Before the Big Bang, the Ultimate Compression

What's even more fascinating is that this compression principle doesn't stop at biology, it seems woven into the very fabric of the universe itself.

Think of the Big Bang as the ultimate act of compression and expansion. In an instant, all the information that would ever define the cosmos, the constants of physics, the distribution of matter and energy, the rules that govern galaxies and atoms alike, was encoded into an unimaginably dense singularity.

Just like a seed contains the potential of a forest, that singularity contained the instruction set of reality. We may speculate at this point that the universe might have actually executed a generative process, governed by laws defined by it's Creator that produced infinite complexity.

Matter cooled, atoms formed, stars ignited, and through the recursive unfolding of these compressed rules, structure emerged: galaxies, solar systems, planets, and eventually life. Though as a tiny species trying to comprehend how the grand scale of the universe works will most likely be wrong. But surprisingly this universe seem to be governed by consistent laws that allows us to still do predictable science. Every layer of our existence here seems to follow the same meta-pattern:

  • The universe stores the rules of physics, not every star.
  • DNA stores the rules of growth, not every cell.
  • LLMs store the rules of language, not every word.
Compression, it seems, is nature's way of preserving essence while enabling creation. From the Big Bang to the human brain, from cosmic inflation to neural inference, everything we see is possibly the result of compact generative rules unfurling across time.

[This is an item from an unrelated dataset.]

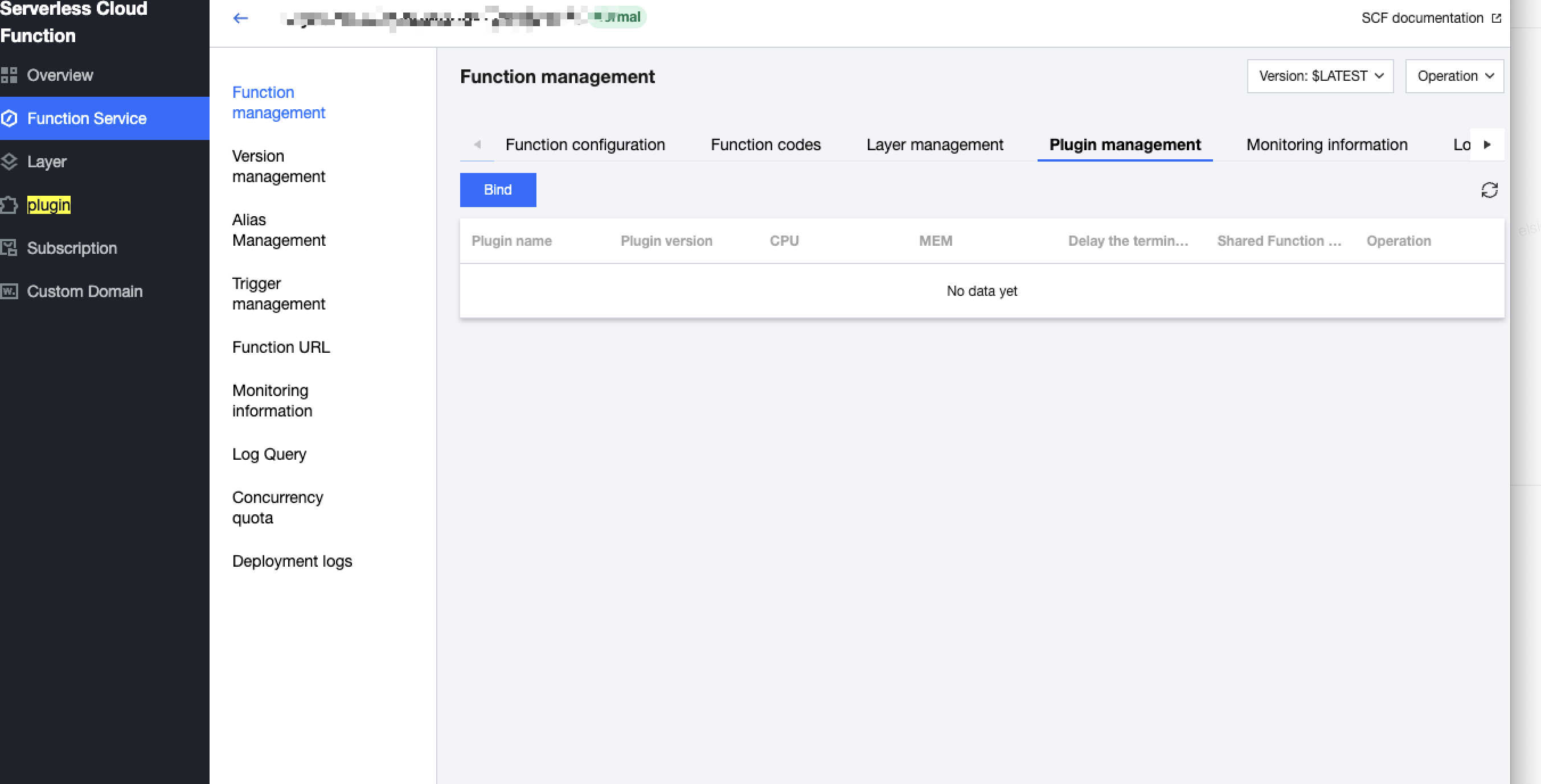 1. Log in to Serverless Console, select Function Service in the left sidebar, and enter the "Function Service" list page. 2. Can bind a plugin directly in advanced configuration when creating a function, or edit an existing function and perform binding on the Plugin Management tab.

If we ever truly grasp how nature compresses and regenerates information so elegantly, how it turns one singularity into infinite diversity, we wouldn't just understand AI better. We'd understand the universe we live in.

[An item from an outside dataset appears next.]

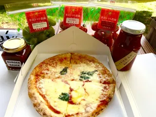 そして楽しみにしていたお昼です❣️トマト、ケチャップ、ソースを大量に買い食べたかったピザ🍕を購入🥳焼きたてピザ🍕美味しい!ちょっとピザ1枚だと物足りないので唐揚げとポテト🍟を作りました😆買ったケチャップを付けて頂きましたよ〜!トマト🍅は華こまちが1番美味しい🤤最高のロケーションで大好き❤なトマトづく

Towards the Compression of Intelligence

When you zoom out, the lesson becomes clear. LLMs aren't just statistical parrots or pattern matchers, they're compression-based simulators of the world. They work because the structure of human knowledge itself is compressible.

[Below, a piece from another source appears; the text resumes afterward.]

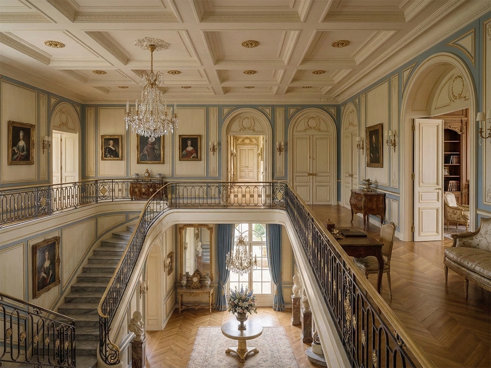 Первое впечатление о доме начинается с холла. Здесь задается масштаб, ритм и настроение всего пространства. Высокие потолки, сложные гипсовые карнизы и стены, украшенные классическими буазери в кремовых и нежно-голубых тонах, создают грандиозную архитектурную канву. Как дизайнер интерьера, я уделяю особое внимание геометрии и перспективе. Массивная мраморная лестница с изящным кованым ограждением выступает главной архитектурной доминантой. Классический паркет, уложенный французской елкой, направляет взгляд к центру композиции — круглому столу с пышной цветочной композицией. Антикварные бюсты на мраморных постаментах и массивная хрустальная люстра завершают образ парадного входа.

And that might be the same principle that underlies life itself. From DNA to neural networks, everything that learns seems to do so by compressing past experience into compact, generative representations.

Perhaps the next great breakthrough in AI won't come from adding more parameters, but from discovering the biological equivalent of the seed, the minimal, general-purpose algorithm capable of compressing the world's complexity into an adaptive, generative code.

In the end, intelligence be it human, artificial, or biological, might just be the universe's most elegant form of lossy compression!